It goes work smarter, not harder.
This is probably all we need to know to understand the value of intelligent applications (I-Apps) whose value is now growing exponentially. Years ago, the field of study of Artificial Intelligence (AI) was taking some of its first vital steps from research labs and universities to being embedded in our lives. It’s pretty remarkable how AI has been embedded in our lives so discretely we cannot even see it there. Maybe we should blame all the sci-fi movies for giving us tunnel vision when it comes to AI.
How often do you interact with AI or superintelligence? The latter may not be at all but I couldn’t resist mentioning it. Let’s do a quick Google search. That simple interaction with an AI that we call a search engine. Rather, to be clearer, that was an interaction with an Intelligent Application. I-Apps are basically applications embedded with AI. The application of I-Apps is already vast. As you are so rightly thinking, they have been among us from our search engines, business applications, entertainment, healthcare and more. Now we see just how much AI is embedded in our lives. AI is making decisions for us, sometimes in the form of recommendations and sometimes rather harmless puff.
The lowest-hanging I-Apps fruits tackle automating simple routine tasks that free us from more complex work. The kind that I-Apps are already slowly starting to look at as something they too can do. Let’s look at the high-hanging fruits away from process automation and simple chatbots. Now we focus on those I-Apps that make decisions and are data-driven (in some cases). These I-Apps possess the tricky balancing act of giving AI decision-making capabilities while dealing with the risk. This introduces us to one of the most challenging topics. And the impact of getting this right or wrong is immense.
A trip down memory lane should enlighten us. During the second industrial revolution, automation created a division of labour and created more scheduled free time. This brought about changes in human behaviour and interaction. There erupted more and more holidays or leave days to indulge in. We could go further away from the industrial complexes that later became cities. That was the impact of just automation of some manual tasks, yet it greatly transformed society.
Fast forward to now.
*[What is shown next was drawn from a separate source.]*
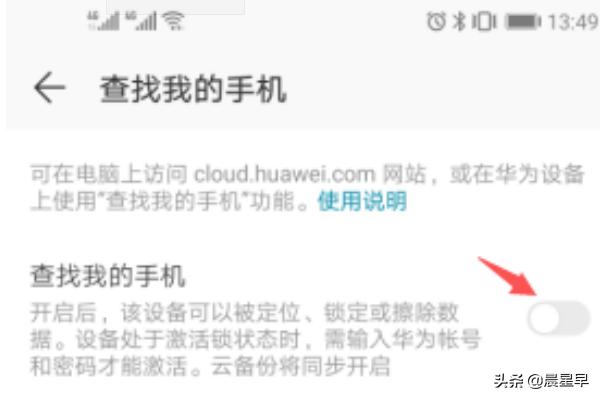 5、点击“查找我的手机”后面的开关按钮。
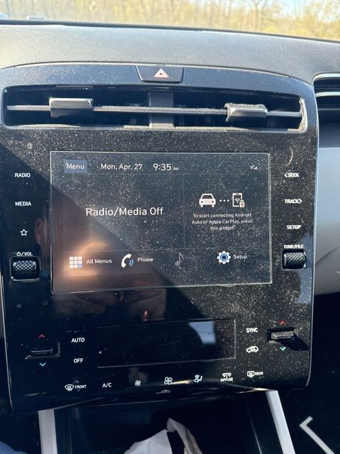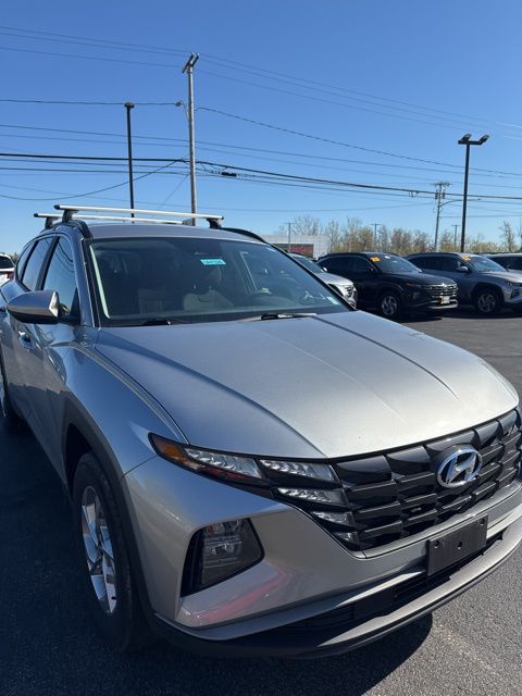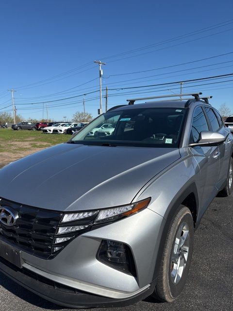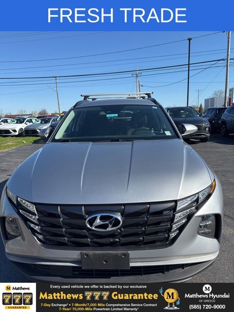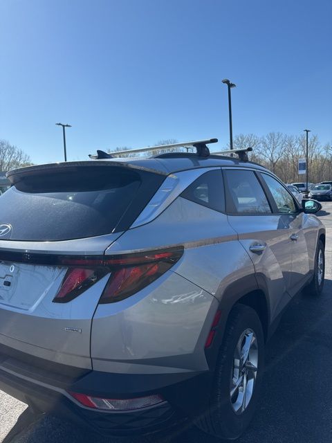 Shimmering Silver 2024 Hyundai Tucson SEL AWD 8-Speed Automatic with SHIFTRONIC 2.5L I4 DGI DOHC 16V LEV3-SULEV30 187hp AWD, 3.648 Axle Ratio, 4-Wheel Disc Brakes, 6 Speakers, ABS brakes, Air Conditioning, Alloy wheels, AM/FM radio: SiriusXM, Apple CarPlay & Android Auto, Auto High-beam Headlights, Automatic temperature control, Brake assist, Bumpers: body-color, Cargo Tray, Carpeted Floor Mats, Delay-off headlights, Driver door bin, Driver vanity mirror, Dual front impact airbags, Dual front side impact airbags, Electronic Stability Control, Exterior Parking Camera Rear, First Aid Kit, Four wheel independent suspension, Front anti-roll bar, Front Bucket Seats, Front Center Armrest, Front dual zone A/C, Front reading lights, Fully automatic headlights, Heated door mirrors, Heated Front Bucket Seats, Heated front seats, Illuminated entry, Low tire pressure warning, Occupant sensing airbag, Option Group 01, Outside temperature display, Overhead airbag, Overhead console, Panic alarm, Passenger door bin, Passenger vanity mirror, Power door mirrors, Power driver seat, Power Liftgate, Power steering, Power windows, Radio data system, Radio: AM/FM/HD Audio System, Rear anti-roll bar, Rear seat center armrest, Rear side impact airbag, Rear window defroster, Rear window wiper, Remote keyless entry, Roof Rack Cross Rails, Roof rack: rails only, Security system, Speed control, Split folding rear seat, Spoiler, Stain & Odor Resistant Cloth Seat Trim, Steering wheel mounted audio controls, Tachometer, Telescoping steering wheel, Tilt steering wheel, Traction control, Trip computer, Variably intermittent wipers, Wheel Locks.

We have decision-making as the next step in this change as we welcome the Fourth Industrial Revolution (4IR). I-Apps are being tasked with more complex decisions. Should these decisions be re-examined by people before they are actioned? Some could be. Others require the kind of action we would miss if we blinked. Surely, we cannot freeze time to inspect how AI come to a decision. Even if we could, we still have the black box problem.
The question we are building to is, should AI make moral decisions for humans? This loaded question has been a bone of contention for coders, economists, philosophers, and end users of I-Apps. One school of thought is that AI is not a moral agent and can’t make moral decisions. That only humans can make moral decisions. This school of thought believes accountability should be with the person(s) who wrote the AI. However, if the AI has been improving itself, can we truly say the version that makes such a decision is uniquely different from the former? Or do we say the sins of the child are for the parent to bear?
Another route has been the utilitarian approach to AI ethics. That seeks to maximise the benefits of a decision and minimise the risk. This straightforward and simple route has one huge flaw as noticed by research done by the moral machine. The flaw is that it’s a good idea on paper, but most people would not like it applied to them.
We could always go with the human review approach where the decision is re-examined by humans, as humans possess intuition that ideally cannot be taught to machines. The problem with this approach takes in too many assumptions and misrepresentations of terms. To start off, an intuition is nothing more than an accurate guess. Should we leave moral decisions to guesswork?
Anything the laws of physics require an object to do can in principle be achieved (emulated) by a programme, given enough time. This is the universality of computations. Coupling this with the philosophical school of thought; that there has been no clear definition of the term intelligence, leaves us not with a route for solving the ethical challenge of AI but a when. Simply put, we have yet to figure out how to code moral ethics into machines.
These and other routes to solving the morality issues of AI must be multi-disciplinary. Philosophy is asking the right questions. We want usefulness from AI, and it must be safe. When we go about testing these and other options for the moral dilemma of AI, should we ask at the very point we are looking to prove this theory or disconfirm it? I believe the only genuine test for a theory is one that attempts to falsify it. And we must all attempt to falsify our views on AI and morality to find the right choice.